• **Problem to work on**: Your copy of the entries below should hold exactly the lines from the one containing "Bolso de pelo beige con cadena dorada" to the one containing "JIMMY CHOO Breslin", inclusive, and no pictures.
*** Entries supplied ***
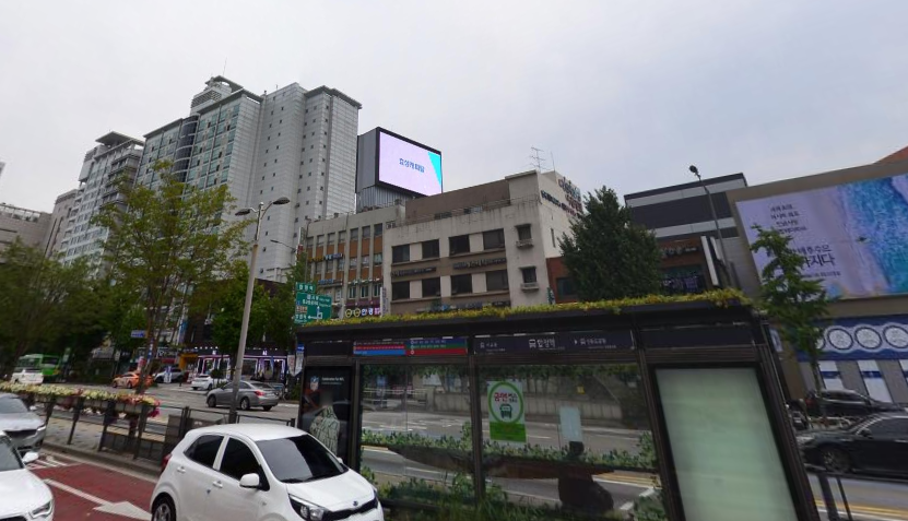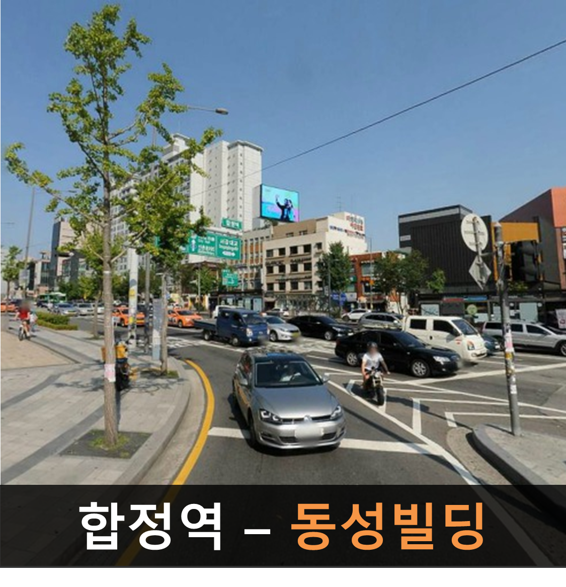 양화대교에서 홍대, 신촌, 아현, 종로, 명동을 진입하는 합정역 사거리 설치된 전광판
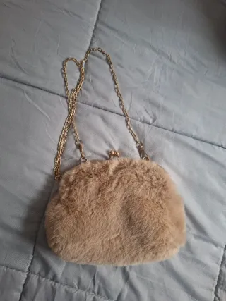 Bolso de pelo beige con cadena dorada
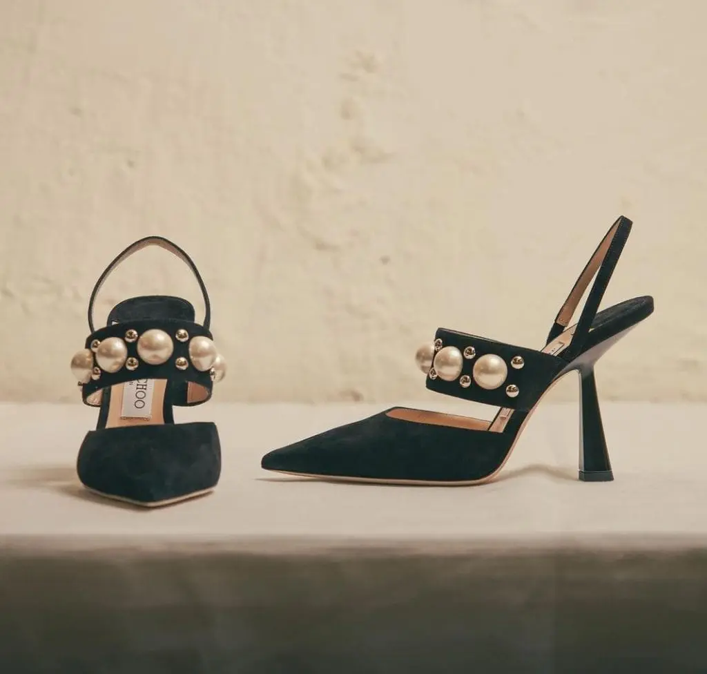 JIMMY CHOO Breslin 100 faux-pearl-embellished suede slingbacks 黑色珍珠Slingback
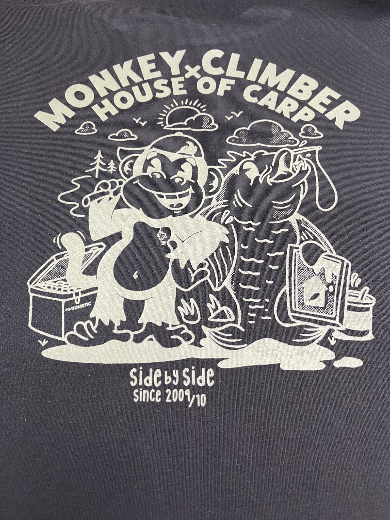 Monkey Climber x House of Carp, 15 ans après, une collaboration insolite et peut-être surprenante. Lorsque Monkey Climber a été fondé en 2011 – à l'époque encore un simple magazine – House of Carp avait été baptisé un an plus tôt. Monkey Climber a participé à de nombreux salons et journées portes ouvertes à travers le pays pour promouvoir le nouveau magazine. Les propriétaires et amis présents sur le stand portaient des vêtements arborant le célèbre logo du singe, fournis par House of Carp. Les lecteurs ont rapidement demandé s'ils pouvaient également acheter certains de ces vêtements, et une commande plus importante de House of Carp a rapidement suivi. Entre-temps, les deux entreprises ont beaucoup évolué et nos chemins se sont récemment croisés pour ce magnifique imprimé collaboratif. Édition limitée.
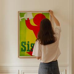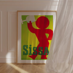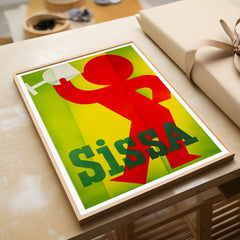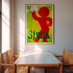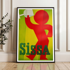 Add a touch of charm and nostalgia to your decor with this vintage Sissa poster, featuring a bold minimalist design. The art print showcases a striking red figure holding a wine glass against a vibrant green and yellow background, creating a captivating visual contrast that will enliven any space. This unique piece is perfect for kitchens, dining rooms, and living rooms. Our high-quality print is crafted on 250 gsm museum-quality paper, ensuring long-lasting colors and details. Available w...
*** End of Entries supplied ***
• **Response**:
 Bolso de pelo beige con cadena dorada
 JIMMY CHOO Breslin 100 faux-pearl-embellished suede slingbacks 黑色珍珠Slingback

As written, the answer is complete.